> [EXERCISE BRIEF]
Using the records below, output the stretch that opens with the line containing "- トクサは年間を通して美し" and closes with the line containing "Selezionare [Formato file]", exactly and including both lines, with nothing more.

> [DATASET CONTENT]
-- -- --
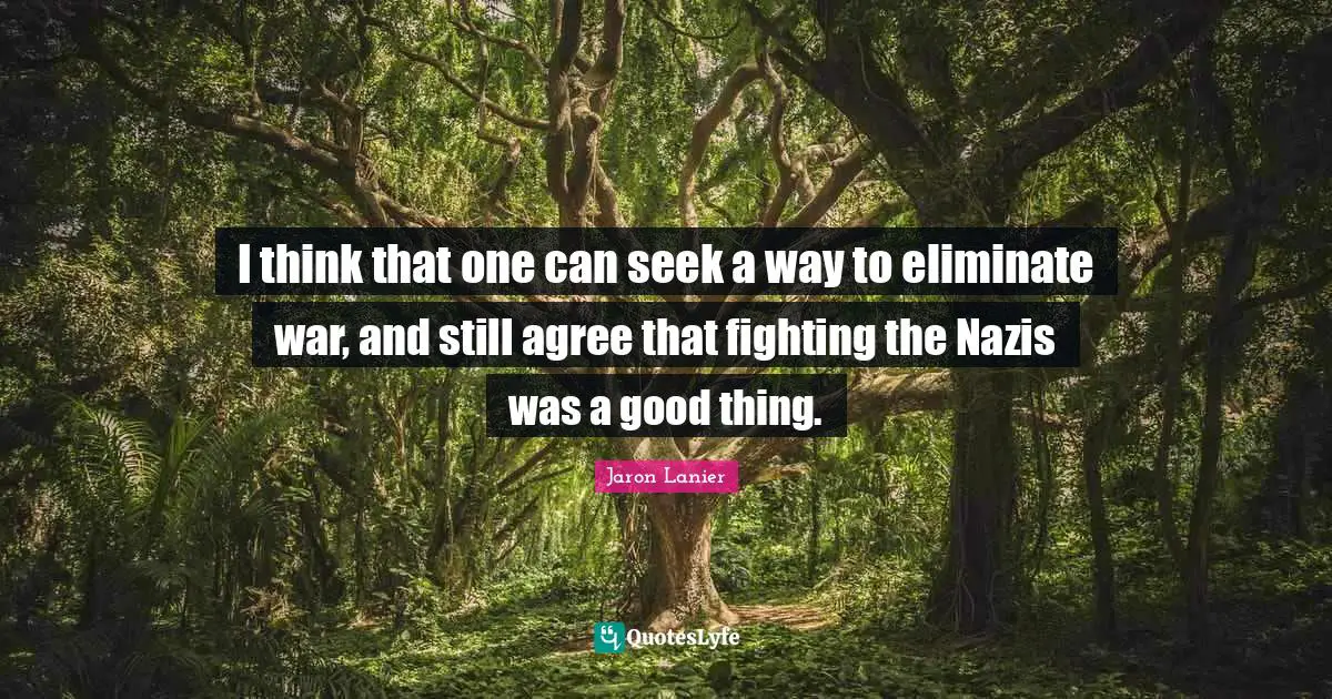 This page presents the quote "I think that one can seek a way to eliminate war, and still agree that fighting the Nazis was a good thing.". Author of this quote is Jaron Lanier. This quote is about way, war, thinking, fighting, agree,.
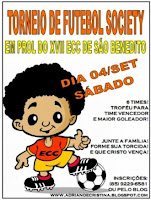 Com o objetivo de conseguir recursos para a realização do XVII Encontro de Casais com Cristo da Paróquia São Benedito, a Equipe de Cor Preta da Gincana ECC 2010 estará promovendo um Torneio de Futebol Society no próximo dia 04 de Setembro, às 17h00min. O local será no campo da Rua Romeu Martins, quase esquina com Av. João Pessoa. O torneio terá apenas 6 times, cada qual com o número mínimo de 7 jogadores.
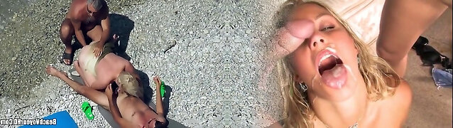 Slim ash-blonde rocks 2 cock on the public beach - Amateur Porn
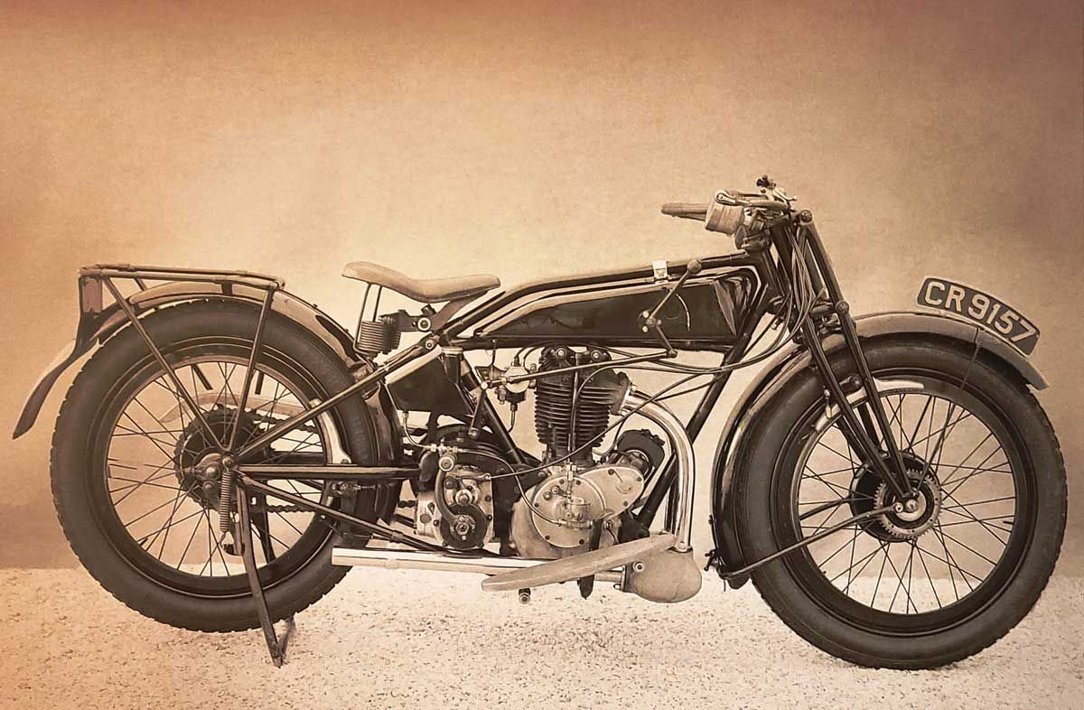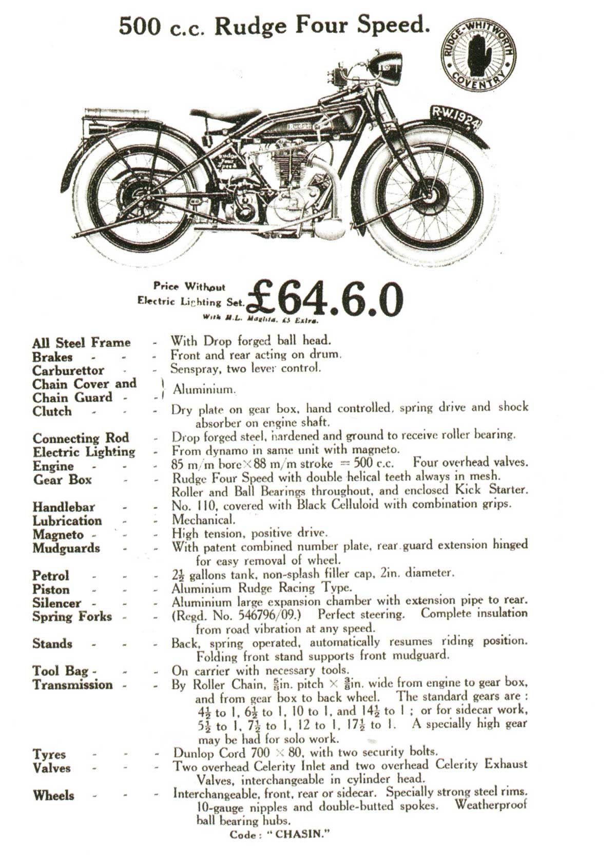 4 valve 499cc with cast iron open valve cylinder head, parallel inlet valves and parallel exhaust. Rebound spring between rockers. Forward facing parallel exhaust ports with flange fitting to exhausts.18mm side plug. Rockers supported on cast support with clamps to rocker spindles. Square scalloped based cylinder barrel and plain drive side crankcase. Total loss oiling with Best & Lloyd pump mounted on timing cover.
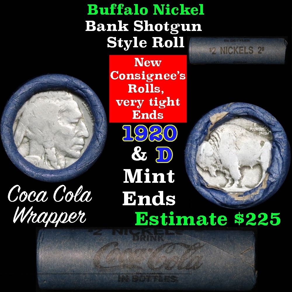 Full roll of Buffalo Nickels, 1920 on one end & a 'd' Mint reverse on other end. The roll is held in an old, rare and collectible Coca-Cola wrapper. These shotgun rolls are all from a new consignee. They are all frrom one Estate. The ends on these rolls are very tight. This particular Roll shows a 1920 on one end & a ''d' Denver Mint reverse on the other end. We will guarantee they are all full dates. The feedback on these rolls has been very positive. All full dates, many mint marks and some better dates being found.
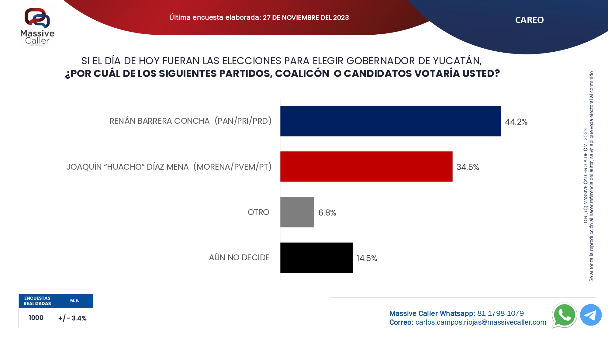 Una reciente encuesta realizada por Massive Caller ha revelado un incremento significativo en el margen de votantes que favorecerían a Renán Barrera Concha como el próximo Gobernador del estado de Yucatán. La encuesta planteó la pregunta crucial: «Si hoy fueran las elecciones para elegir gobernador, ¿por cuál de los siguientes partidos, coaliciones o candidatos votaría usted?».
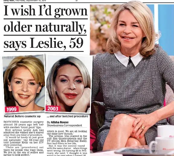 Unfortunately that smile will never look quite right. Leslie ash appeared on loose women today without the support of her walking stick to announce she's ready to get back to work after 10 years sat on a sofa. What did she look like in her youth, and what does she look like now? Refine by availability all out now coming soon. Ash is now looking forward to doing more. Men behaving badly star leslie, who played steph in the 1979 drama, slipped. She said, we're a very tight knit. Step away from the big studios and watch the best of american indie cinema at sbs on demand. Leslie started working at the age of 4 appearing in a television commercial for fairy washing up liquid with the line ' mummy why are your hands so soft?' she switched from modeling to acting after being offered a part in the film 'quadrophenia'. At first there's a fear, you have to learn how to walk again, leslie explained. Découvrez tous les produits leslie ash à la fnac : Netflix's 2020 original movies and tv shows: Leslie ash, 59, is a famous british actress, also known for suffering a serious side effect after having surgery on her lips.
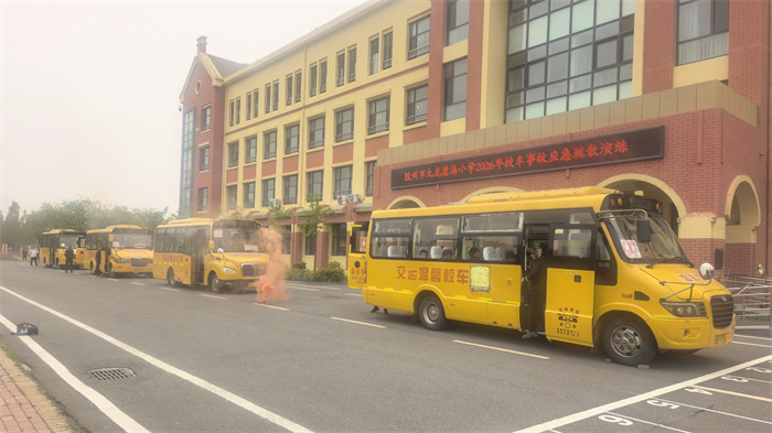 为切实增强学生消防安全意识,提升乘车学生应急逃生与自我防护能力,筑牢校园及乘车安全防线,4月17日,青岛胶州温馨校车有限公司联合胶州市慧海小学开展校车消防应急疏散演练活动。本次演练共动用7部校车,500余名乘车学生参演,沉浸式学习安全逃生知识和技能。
-- -- --
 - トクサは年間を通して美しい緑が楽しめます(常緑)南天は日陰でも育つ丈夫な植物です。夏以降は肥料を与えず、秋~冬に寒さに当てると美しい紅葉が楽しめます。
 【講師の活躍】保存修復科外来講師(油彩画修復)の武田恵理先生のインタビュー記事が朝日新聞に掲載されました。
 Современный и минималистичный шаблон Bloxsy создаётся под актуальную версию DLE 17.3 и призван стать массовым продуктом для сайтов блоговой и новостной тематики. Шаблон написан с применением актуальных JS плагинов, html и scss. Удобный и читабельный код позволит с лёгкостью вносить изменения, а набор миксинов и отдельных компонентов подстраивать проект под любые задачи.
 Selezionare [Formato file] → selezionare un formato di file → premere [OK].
-- -- --
> [EXERCISE ANSWER]
 - トクサは年間を通して美しい緑が楽しめます(常緑)南天は日陰でも育つ丈夫な植物です。夏以降は肥料を与えず、秋~冬に寒さに当てると美しい紅葉が楽しめます。
 【講師の活躍】保存修復科外来講師(油彩画修復)の武田恵理先生のインタビュー記事が朝日新聞に掲載されました。
 Современный и минималистичный шаблон Bloxsy создаётся под актуальную версию DLE 17.3 и призван стать массовым продуктом для сайтов блоговой и новостной тематики. Шаблон написан с применением актуальных JS плагинов, html и scss. Удобный и читабельный код позволит с лёгкостью вносить изменения, а набор миксинов и отдельных компонентов подстраивать проект под любые задачи.
 Selezionare [Formato file] → selezionare un formato di file → premere [OK].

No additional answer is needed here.